27. Alle gerechtskosten en overige juridische kosten met betrekking tot deze
zaak zullen worden terugbetaald of vergoed (...)
28. DAT het niet reageren zoals hierin vereist in deze verklaring voor waarheid, binnen de hierin een voorgeschreven tijd van dertig (30) dagen, wordt door ondergeschrevene opgevat als dat de Indringer [eiser 3] een beroep wenst te doen op de doctrine van berusting (...) en hiermee toestaat dat ondergeschrevene het recht heeft om privaatrechtelijk de verloren of beschadigde eigendommen plus schade, boetes en kosten op [eiser 3]
te verhalen.
29. (...) Als alle wederrechtelijke acties jegens ondergeschrevene niet binnen dertig (30) dagen worden afgebouwd (..) dit zal leiden tot de onmiddelijke indiening van strafrechtelijke klachten (verklaringen voor waarheid) en commerciële pandrechten (…)
(…)
KENNISGEVING VAN CLAIM (pro forma)
Aan: [eiser 3] , een levende man (ambtenaar), en alle partijen in belang:
Hij die dit leest: Saluut.
[eiser 3] , een levende man:
Er is een (pro forma) claim tegen u ingediend voor een bedrag van € 517.760,00 voor uw bijdrage, rol en acties in huisvredebreuk, aanvallen van verbaal geweld en aanstootgevend gedrag, het indringen van mijn eigendom zonder recht, en voor laster tegen mij, een levende man. U bent slechts een publieke ambtenaar met een fiduciaire plicht om ons te dienen, meer niet. Uw handelen is niet in overeenstemming met Gods wetten. Uw handelen is niet in overeenstemming met de Grondwet en Wetten die u binden volgens uw ambtseed. u heeft de beperkte bevoegdheden overschreden die wij, het Volk, aan u hebben gedelegeerd door middel van de Grondwet en Wetten. Door uw misbruik zijn uw bevoegdheden conform de wet vervallen.
U heeft dertig (30) dagen na 21 december 2022 om de door mij gestuurde beëdigde verklaring van waarheid punt voor punt te weerleggen met uw beëdigde verklaring voor waarheid. Het niet weerleggen van de beëdigde verklaring van waarheid zal resulteren in de stilzwijgende instemming van de Indringer en instemming dat de feiten die erin zijn uiteengezet waar zijn, correct zijn, nauwkeurig zijn, niet misleidend zijn en bindend zijn voor de Indringer. Dit zal resulteren in de uitvoering van deze claim tegen [eiser 3] , een man, en de niet-weerlegde verklaring van waarheid zal worden gebruikt tegen [eiser 3] , een levende man, in toekomstige civiele en strafrechtelijke procedures.
Uitblijven hiervan maakt dat ik zal beginnen met administratieve, civiele en strafrechtelijke rechtsmiddelen tegen [eiser 3] , een levende man en zijn persona en internationaal beslag te leggen op zijn eigendommen tot het bovengenoemde bedrag.

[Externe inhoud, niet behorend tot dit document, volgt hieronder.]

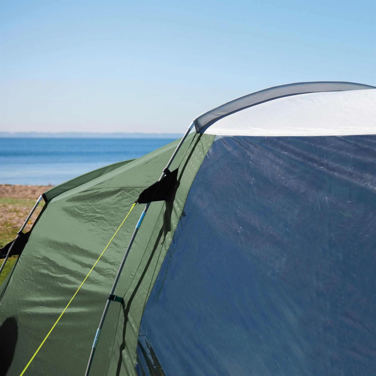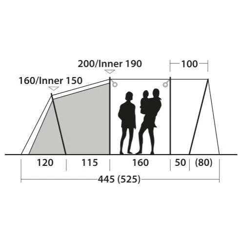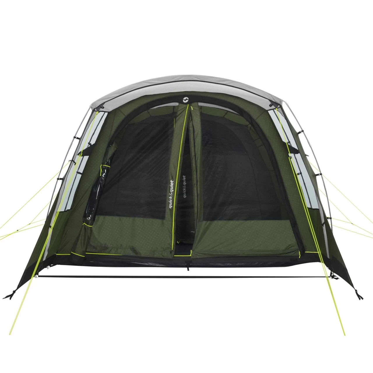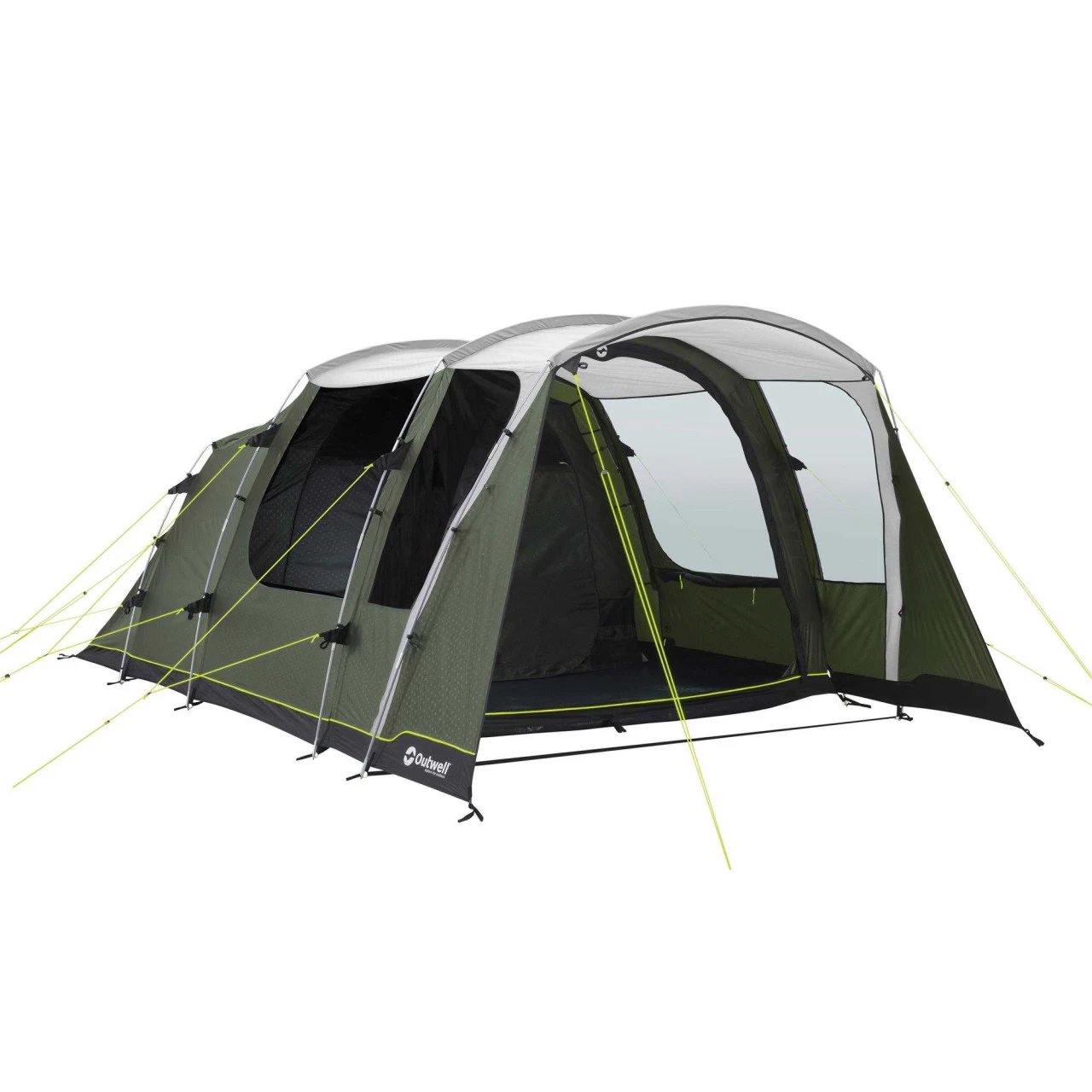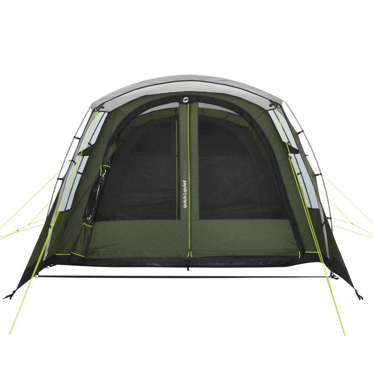 Das Outwell Ashwood 5 Familienzelt ist ideal für kleine Familien, die eine komfortable Homebase für gemeinsame Urlaubstage oder Ausflüge suchen. Mit dem ummantelten Duratec-Fiberglasgestänge, der vollen Stehhöhe, der optimalen, vielseitigen Belüftung sowie den 2 patentierten Quick & Quiet Magnettüren steht einem unbeschwerten Campingerlebnis nichts mehr im Weg. Hinter der Vorderwand mit Seitenfenster und großem Vordach gelangst du durch die neue, patentierte Quick & Quiet Mesh Tür mit Magnetverschluss in dein Zelt. Wenn du die Magnetfunktion nicht nutzen möchtest, kannst du die Front mit einem doppelten Reißverschluss komplett öffnen. Das eingearbeitete Moskitonetz ermöglicht eine Belüftung, ohne dass Insekten ins Zelt gelangen. Die abgedunkelte Premium Schlafkabine ist ebenfalls mit einer Quick & Quiet Tür versehen, so dass du die Kabine geräuschlos öffnen und verlassen kannst. Für eine optimale Belüftung der Schlafkabine des Ashwood 5 von Outwell sorgt das „Rear Ventilation System“. Eine spezielle, variable Belüftung an der Zeltrückseite. Die Netztaschen im Innenzelt dienen zur Aufbewahrung kleinerer Gegenstände, die du schnell zur Hand haben willst. Die großen getönten Fenster reduzieren das Blenden bei starker Sonneneinstrahlung. Um dir mehr Privatsphäre zu gewährleisten, kannst du die Fenster mit Vorhängen auch komplett schließen.

Aldus verklaar ik naar waarheid op de eenentwintigste (21) dag van de twaalfde (12) maand in het jaar van onze Heer tweeduizendtweeëntwintig (2022).
(…)’
2.7.
Bij brief van eveneens 21 december 2022, verzonden aan het privéadres van [eiser 2] , heeft [gedaagde] onder meer het volgende geschreven:
‘(…)
VERKLARING VAN FEITEN
VERKLARING VAN WAARHEID
Beste [eiser 2] , een man, u, [eiser 2] , een levende man, heeft mijn eigendom wederrechtelijk geschonden, aangevallen & beschadigd en ander ontoelaatbaar aanstootgevend gedrag vertoond. Ik
: [voornamen gedaagde] :
Een man, heb gedegen kennis van, en verklaar naar waarheid het volgende:
(…)
Hierbij wordt [eiser 2] meegedeeld en van hem geëist dat:
25. ALLE eigendommen die onrechtmatig zijn genomen, verwijderd in strijd met de handel, of anderszins zijn omgezet, verkocht of in beslag genomen door [eiser 2] , of andere partijen die daarmee samenspannen, worden onmiddellijk in volledige waarde (€) PLUS 100% geretourneerd aan de oorspronkelijke eigenaar, of ondergeschrevene; OF
26. Alle partijen die overgaan tot handelen of helpen bij genoemde acties, tegen ondergeschrevene, : [voornamen gedaagde] : van de familie : [gedaagde] :, zonder grondige, verifieerbare, puntsgewijze weerlegging van elk punt dat in deze beëdigde verklaring wordt uiteengezet, zullen onmiddellijk worden beschuldigd van criminele fraude, diefstal, samenzwering en afpersing. Daarbij zullen internationale commerciële pandrechten worden uitgevaardigd tegen alle echte en persoonlijke eigendommen van [eiser 2] . (Op basis van gepleegde misdaden: criminele samenzwering, diefstal, verduistering van misdrijven, samenzwering tegen de rechten van volkeren, afpersing, fraude en valse verklaringen, en andere dergelijke misdaden die verband houden met oplichting en bedrog), EN
27. Alle gerechtskosten en overige juridische kosten met betrekking tot deze
zaak zullen worden terugbetaald of vergoed (...)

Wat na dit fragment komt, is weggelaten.